Short-term rentals in the Cape Town CBD and surrounding market show high return on investment

The Cape Town CBD and surrounding residential property market has shown substantial growth since 2011 and, with the Rand value of residential sales in the CBD more than doubling from R115 million in 2011 to R296m in 2014, it’s emerging as one of the city’s strongest residential growth nodes.

Apartments in the new Icon building on the Foreshore, within walking distance of the Cape Town International Convention Centre, are highly sought after and priced from around R1.895 million for a one bedroom, up to R7.995m for a 220m² penthouse. Properties in buildings such as these are increasingly being bought for their investment potential because of the high return of short-term letting.

“Most popular with investors are sectional title apartments which promise solid returns and many people are buying as a long-term investment,” says Brendan Miller, CEO of Lew Geffen Sotheby’s International Realty Atlantic Seaboard, which includes De Waterkant, the City Bowl, CBD and Foreshore area.
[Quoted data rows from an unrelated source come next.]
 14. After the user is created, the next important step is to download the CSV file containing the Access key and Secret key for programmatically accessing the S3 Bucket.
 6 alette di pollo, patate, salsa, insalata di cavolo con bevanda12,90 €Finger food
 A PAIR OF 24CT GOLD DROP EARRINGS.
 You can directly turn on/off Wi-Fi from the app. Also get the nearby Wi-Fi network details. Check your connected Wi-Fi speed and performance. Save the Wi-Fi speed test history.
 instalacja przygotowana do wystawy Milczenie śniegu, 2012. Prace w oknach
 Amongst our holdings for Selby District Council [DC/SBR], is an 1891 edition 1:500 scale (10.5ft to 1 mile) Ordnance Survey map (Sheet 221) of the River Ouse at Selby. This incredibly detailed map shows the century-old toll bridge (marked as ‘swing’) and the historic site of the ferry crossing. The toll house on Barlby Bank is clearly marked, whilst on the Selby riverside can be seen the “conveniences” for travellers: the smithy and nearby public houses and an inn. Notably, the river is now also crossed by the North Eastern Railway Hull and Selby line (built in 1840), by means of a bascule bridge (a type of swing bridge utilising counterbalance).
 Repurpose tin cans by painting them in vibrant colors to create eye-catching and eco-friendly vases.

According to the Cape Town Central City Improvement District’s annual State of Cape Town Central City Report: 2014 A Year in Review, the average size of city centre units is 80.73m², with the average sale price last year R1.552 million or R19 227 m². Although, overall, apartments stayed on the market for an average of 109 days, 71.27% of those sold within 90 days and most in under a month, “demonstrating that well-priced residential units in the CBD continue to be snapped up”, says the report.
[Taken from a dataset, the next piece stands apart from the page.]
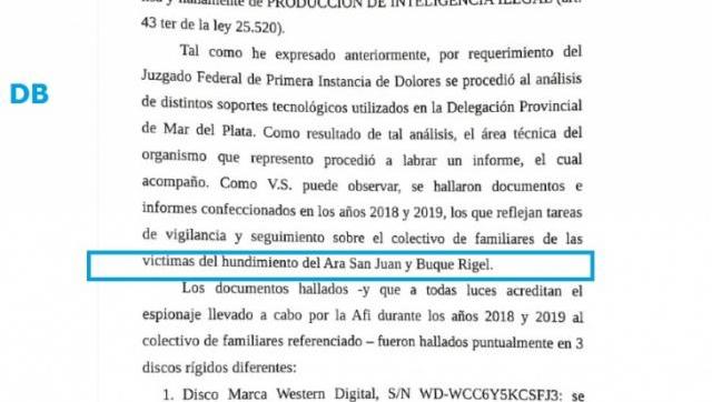 En la presentación judicial, la funcionaria reveló que "se hallaron documentos e informes confeccionados entre 2018 y 2019 que reflejan las tareas de vigilancia y seguimiento sobre el colectivo de los familiares de las víctimas del ARA San Juan y el buque Rigel".

Miller adds that an emerging trend in the area is the shift toward short-term rentals rather than longer leases by investor owners due to the exceptionally high return on investment.

“The return on investment in these areas is higher than, for example, the Atlantic Seaboard, because property prices are lower and year-round corporate demand for accommodation means owners aren’t dependent the summer months to ensure occupation.”

He attributes to several key factors to year-round occupancy levels of more than 70%, including proximity to major businesses and headquarters in the CBD and Waterfront, as well as the continuous host of popular events which take place in Cape Town.

“Not only is the Cape Town International Convention Centre (CTICC) a constant source of tenants for upmarket accommodation in the city, De Waterkant and Canals precincts, but there also many regular attractions in town as well as several major sports events like the Pick and Pay Cycle Tour and the Two Oceans Marathon.”

“Occupancy is therefore almost year round and with the average daily rate of R1300 for a two bedroom apartment in low season and up to R2 700 in high season, you can see the value of this sort of investment.”

Although entry-level prices to the CBD area are around R1.2m, Miller says these properties are extremely rare.

”Properties in the next tier up, such as an A-Grade one-bedroom in a building like the Icon, are available for around R1.8m but they fly off the shelf. Two-bedroom units in good buildings generally start at around R2.5m and are also in great demand.”

Miller says other positive advantages of short-term lets in the CBD area include the level of clientele it attracts and that more regular maintenance inspections enable better upkeep of the property.

However, the days of just leaving keys with a relative, friend or estate agent are long gone and to optimise one’s investment and secure solid returns, Miller says that reliable property management services are essential.

“Landlords,” he says,” are increasingly opting to partner with a skilled and credible rental agency that knows what is in demand, in which areas and at what price.”

He says that when choosing an agent it is essential to look for one with experience in the rental market, knowledge of the area and especially one who will always put your interests first.

Lew Geffen, Chairman of Lew Geffen Sotheby’s International Realty, says his advice to investors wanting to enter this market is to look at the newer A-Grade buildings which offer 24-hour security as well as other facilities, such as gyms and on-site restaurants.

“Having facilities at their fingertips means repeat business, especially from corporates,” Geffen says, “which has clearly been shown by the popularity of developments like Mandela Rhodes Place, the Icon, Harbour Bridge and The Adderley.”

One-bedroom apartments have proven the most popular for corporate travellers, and Geffen says that there is a simple formula for an excellent return in the CBD short-term rental market.

“A well-furnished apartment in building which is not only in the correct position but also offers tenants facilities and is managed by an experienced letting agent with a good online platform can almost guarantee you an excellent ROI,” he says.

“The knock on effect of the increased demand for residential property is the growing interest among developers to convert underutilised older commercial buildings in the CBD, and mixed-use commercial and retail developments in the area have mushroomed.

“We are seeing a great shortage of residential stock in and around the CBD, though, and the time is now for more developers to be looking at these opportunities.”